Imagine the scene of an accident..."were waiting for forensics to arrive to get particles from the crater so we can find out who hit who".

totally agree with the first part.

The second part. . .It's only as dangerous as rupturing your fuel tank. Most likely what would happen is a valve would snap off the tank causing it to accelerate in whatever direction the valve was.

Hydrogen is very energetic and much lighter than air, not like propane, methane or iso-octanyl. The hydrogen once its out of the tank would rapidly expand and no longer be dense enough for combustion. Seriously try getting some to burn more than a few inches from a small outlet.

ConnClark 04-07-2009 06:16 PM

Quote:

Originally Posted by theunchosen (Post 96379)
totally agree with the first part.

The second part. . .It's only as dangerous as rupturing your fuel tank. Most likely what would happen is a valve would snap off the tank causing it to accelerate in whatever direction the valve was.

Hydrogen is very energetic and much lighter than air, not like propane, methane or iso-octanyl. The hydrogen once its out of the tank would rapidly expand and no longer be dense enough for combustion. Seriously try getting some to burn more than a few inches from a small outlet.

Actually a large hydrogen leak can be very dangerous. It will escape from a pressure tank and form a huge combustible cloud in a short amount of time before it has a chance to disperse. Hydrogen has a lower explosive limit of 4% and an upper explosive limit of 75%. This wide range of flammability and its rapid combustion speed can result in quite a powerful explosion.

All the big car companies that are experimenting with hydrogen vehicles use metal hydride hydrogen tanks.
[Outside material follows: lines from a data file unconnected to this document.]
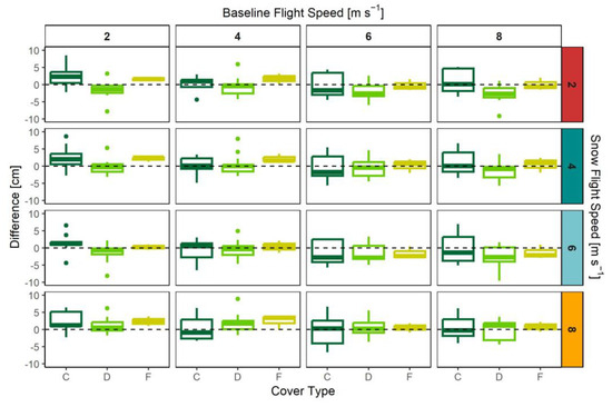 Box plots of the differences between lidar-derived snow depth and in situ snow depth for all flight speed combinations by field (F), deciduous (D), and coniferous (C) vegetation cover types. The box is framed by lower and upper quartile values with its center line indicating the median value. The box height is the interquartile range (IQR). The lower whisker extends to 1.5 times the IQR below the lower quartile or the minimum value in the dataset. The upper whisker extends to 1.5 times the IQR above the upper quartile or the maximum value in the dataset. Outliers are also shown.
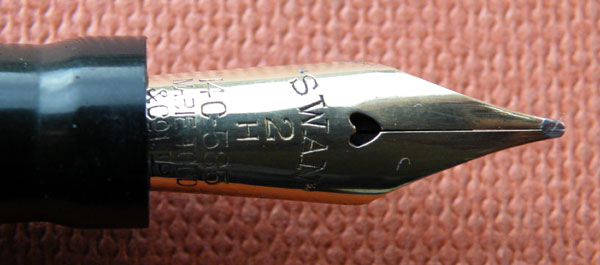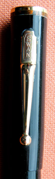 Someone will correct me if they’ve found different examples, but all Swans and indeed all the other eyedroppers I’ve worked on are conventionally threaded. In other words, the section will unscrew from the barrel with an anti-clockwise turn. Expect the threaded part to be quite long Sometimes these are reluctant to move because they are stuck with old ink. Gentle dry heat will loosen them up; remember that these are black hard rubber pens – soaking is not advised.*
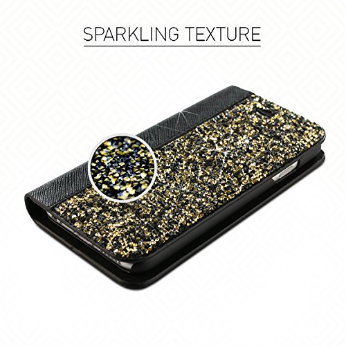 Cover iPhone 7 Flip, BlingZ.® 3D Custodia Glitter per iPhone 7 Flip in pelle con elementi di cristallo Swarovski Bling Bling - Midnight Black
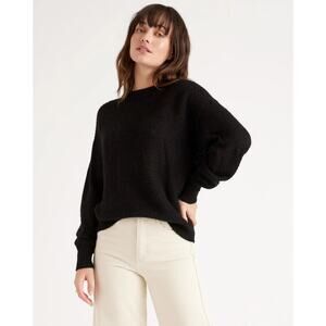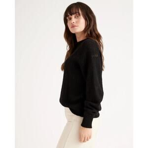 New Quince Women’s Baby-Alpaca Wool Diamond Stitch Crew Black Small 3653

The reason is it prevents the hydrogen from being released quickly in case of a storage tank breach. This provides time for it to disperse or burn off slowly.

theunchosen 04-07-2009 08:43 PM

Quote:

Originally Posted by ConnClark (Post 96393)
All the big car companies that are experimenting with hydrogen vehicles use metal hydride hydrogen tanks. The reason is it prevents the hydrogen from being released quickly in case of a storage tank breach. This provides time for it to disperse or burn off slowly.

They actually use them because its easier. Its what the aircraft companies have been doing for years with oxygen. The reason is the hydride is MUCH lighter than any tank. Even if we ignore safety completely the pressurized cylinder that would be needed to hold that much H2 would weight a ton.

Scuba tanks rated up to a few thousand PSI only hold 60-100 ft^3 of air(not very much fuel) and they weigh in around from 25-50 lbs dry. Multiply that by 10 times or so to get a decent amount of fuel and you weigh four times more than my gas tank. OR as much as my gas tank and engine for just the fuel.

H2 does have a very high dispersive rate. Its collisions are much more elastic than as I mentioned methane or propane. a LEAK would be very dangerous yes because it would be a much more controlled pressure release than the tank being ruptured. I've been in the shop when H2 tanks and O2 tanks are dropped and its pretty nerve racking to see it coming.

Whenever high-pressured vessels rupture from a high energy impact(car collision, bullets, dropping a substantially heavy enough object on them) the pressure can force massive crack propogation. If and when they break they go in in a big way. Leaks usually occur at the valves or seems and are caused by fatigue.

Seriously try to light a stream of H2 coming out something the size of a welding torch from 3 inches away from the nozzle. Not happening. Oxyacetlyne Will do it just fine, propane and methane will do it to. Its why they use hydrogen in High Energy heat engines because it very quickly converts energy to movement(pressure).